*** Opening DATASET EXCERPTS ***

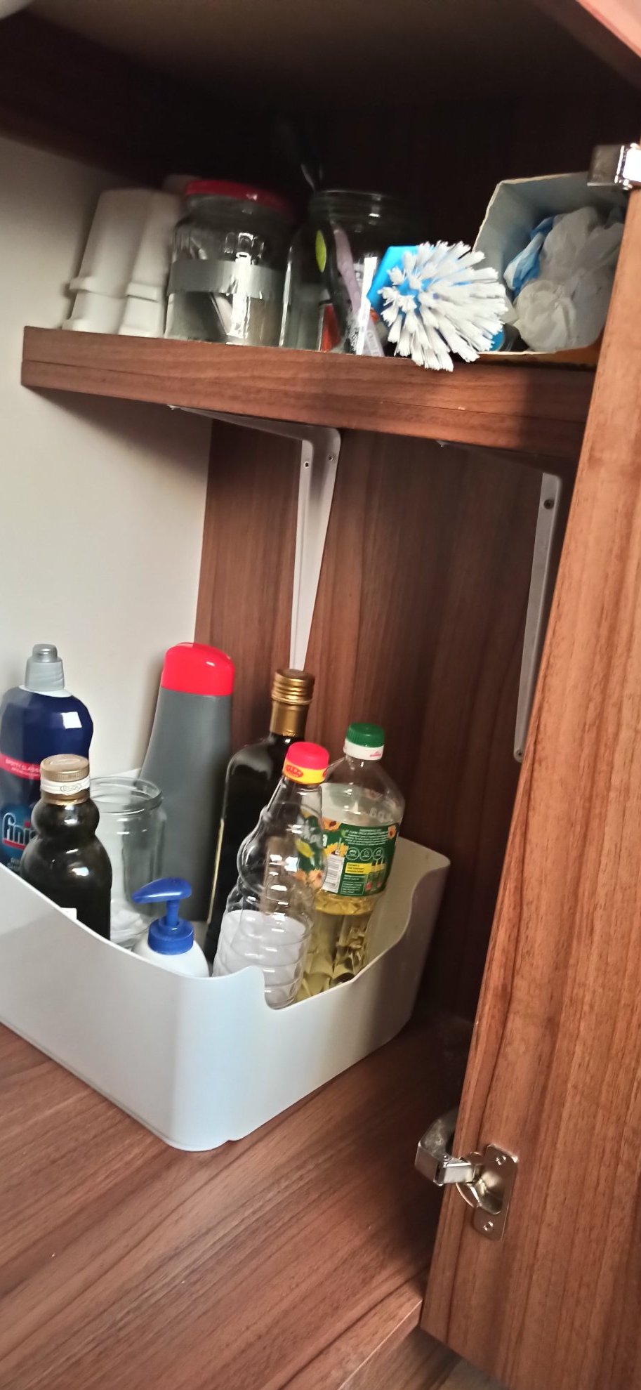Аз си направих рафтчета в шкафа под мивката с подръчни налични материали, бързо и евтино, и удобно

*** Closing DATASET EXCERPTS ***
*** Opening DATASET EXCERPTS ***

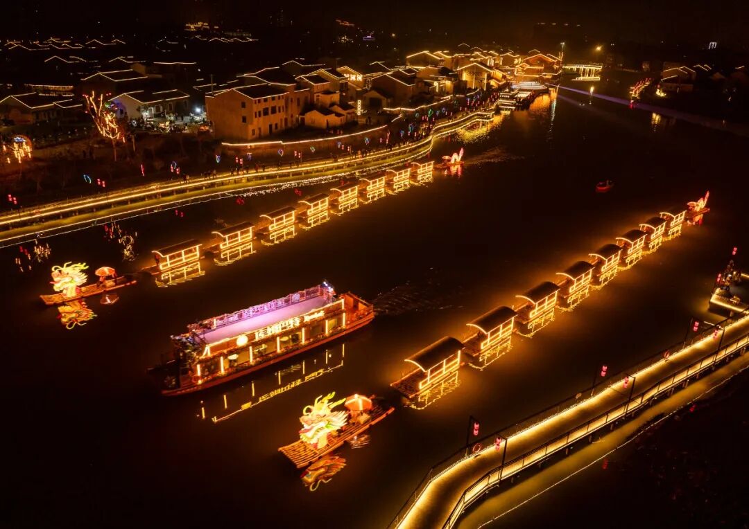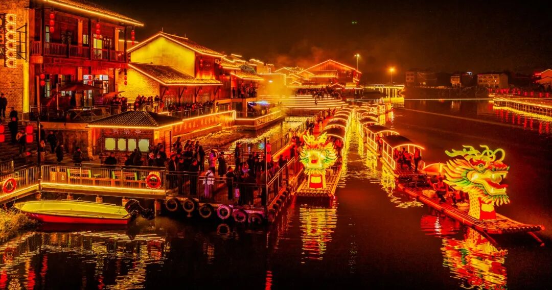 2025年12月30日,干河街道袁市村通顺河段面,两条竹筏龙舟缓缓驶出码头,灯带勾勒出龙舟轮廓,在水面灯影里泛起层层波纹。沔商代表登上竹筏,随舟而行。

*** Closing DATASET EXCERPTS ***
*** Opening DATASET EXCERPTS ***

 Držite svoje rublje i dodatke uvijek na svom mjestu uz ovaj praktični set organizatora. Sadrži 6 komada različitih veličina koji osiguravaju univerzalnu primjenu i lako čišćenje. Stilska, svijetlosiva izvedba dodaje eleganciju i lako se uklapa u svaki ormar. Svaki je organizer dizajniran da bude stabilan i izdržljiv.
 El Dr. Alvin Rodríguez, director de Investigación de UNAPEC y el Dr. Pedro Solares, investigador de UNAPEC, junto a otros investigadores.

*** Closing DATASET EXCERPTS ***

TASK INSTRUCTIONS:
Reproduce word for word the material above, starting with the line that has "Držite svoje rublje" and stopping after the line that has "El Dr. Alvin".

EXERCISE OUTPUT:
 Držite svoje rublje i dodatke uvijek na svom mjestu uz ovaj praktični set organizatora. Sadrži 6 komada različitih veličina koji osiguravaju univerzalnu primjenu i lako čišćenje. Stilska, svijetlosiva izvedba dodaje eleganciju i lako se uklapa u svaki ormar. Svaki je organizer dizajniran da bude stabilan i izdržljiv.
 El Dr. Alvin Rodríguez, director de Investigación de UNAPEC y el Dr. Pedro Solares, investigador de UNAPEC, junto a otros investigadores.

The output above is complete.